In the preface to the book, Editor to Author: The Letters of Maxwell E. Perkins, the legendary book editor is quoted as saying: “You can tell more about a writer by listening to him than by reading something he wrote.”
Perkins dealt mostly with fiction writers, which may be why that seems so at odds with what I found working with writers. Early on as an editor, I got burned time after time by relying too much on how well a writer talked about a story. After paying too many kill fees, I learned to talk with prospective writers but then read what they previously had written before saying yes to a story.
Wondering if other magazine editors had similar experiences, I asked: “When dealing with writers, did you focus mostly on what they had written versus how well they talked about a story?”

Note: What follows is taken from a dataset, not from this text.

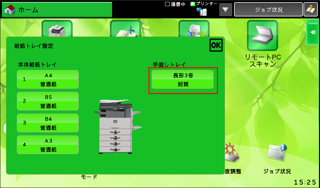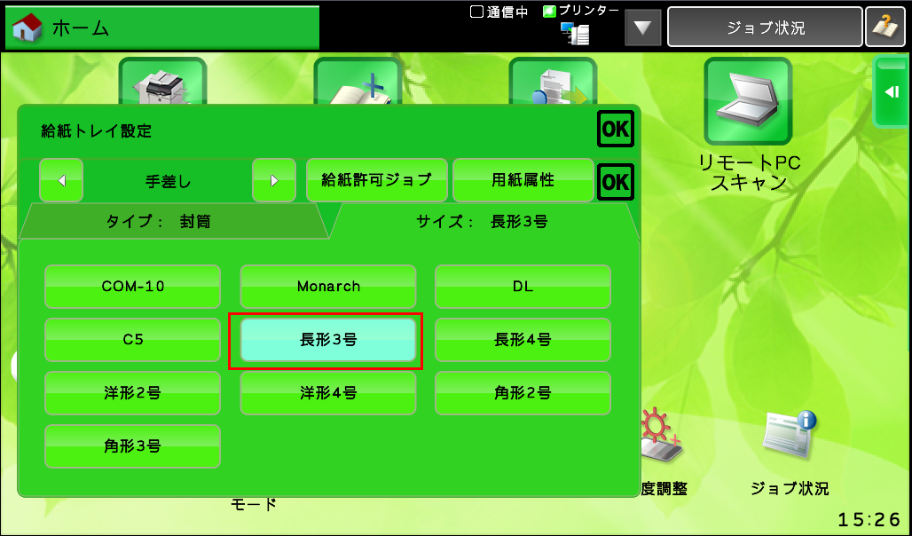 ③「手差しトレイ」が、下図のように表示されている場合は、[OK]押し、手順⑦へ進んでください。表示されていない場合は手順④へ進んでください。(例:長形3号)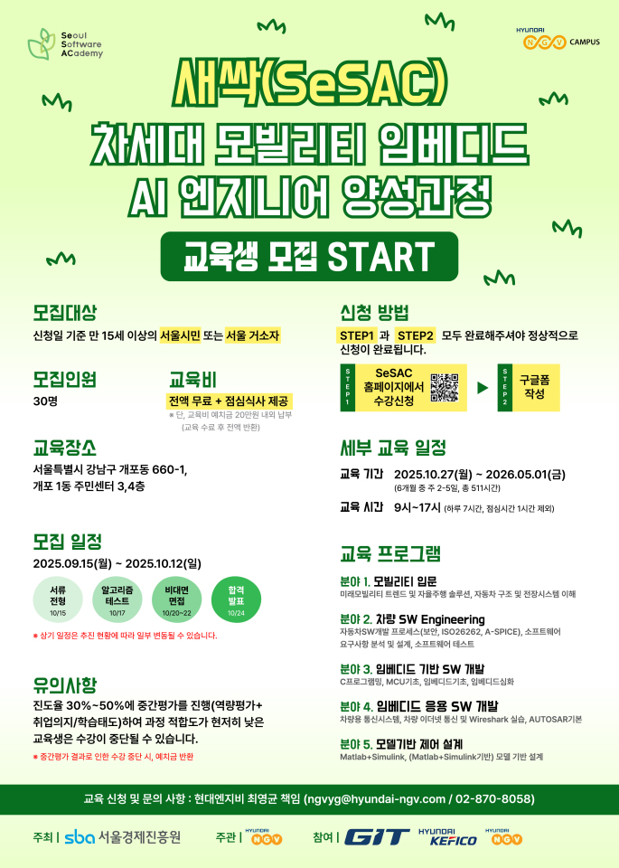 새싹(SeSAC) 차세대 모빌리티 임베디드 AI 엔지니어 양성과정 교육생 모집 START

From Ed Kosner, who edited Newsweek, New York, Esquire, and the New York Daily News:
“I only cared about how they wrote. Over the years, I worked with writers who were frighteningly articulate and others who could hardly describe what they wanted to do. Some of the big talkers were pedestrian writers and some of the mumblers wrote like a dream.
“Whether they were talkers or monosyllabic, the one thing I hated to hear when someone turned in a story was, ‘I love this piece’—which almost always meant it was overwritten or self-indulgent. The pieces handed in diffidently were invariably the better ones.”
From Dick Babcock, an editor at New York, then editor of Chicago for 20 years, now a j-school teacher and novelist:
“I’m with you exactly. Let me see something in type. I grew to be wary of people who talked a great game—it was as if they were so busy gassing on that they didn’t have time for hard reporting.
“I find it very odd that Perkins had an opposite reaction. I’m sure it has to do with the fiction/nonfiction divide, but there still seems to be a chasm between the ease of gabbing away and the discipline of putting words in careful, thoughtful order in written sentences.”
As for not trusting great talkers, Phil Merrill, the longtime publisher of the Washingtonian, often had worked in government and he liked to say: “The most dangerous people in Washington are bright, charming, and articulate but with very bad judgment.”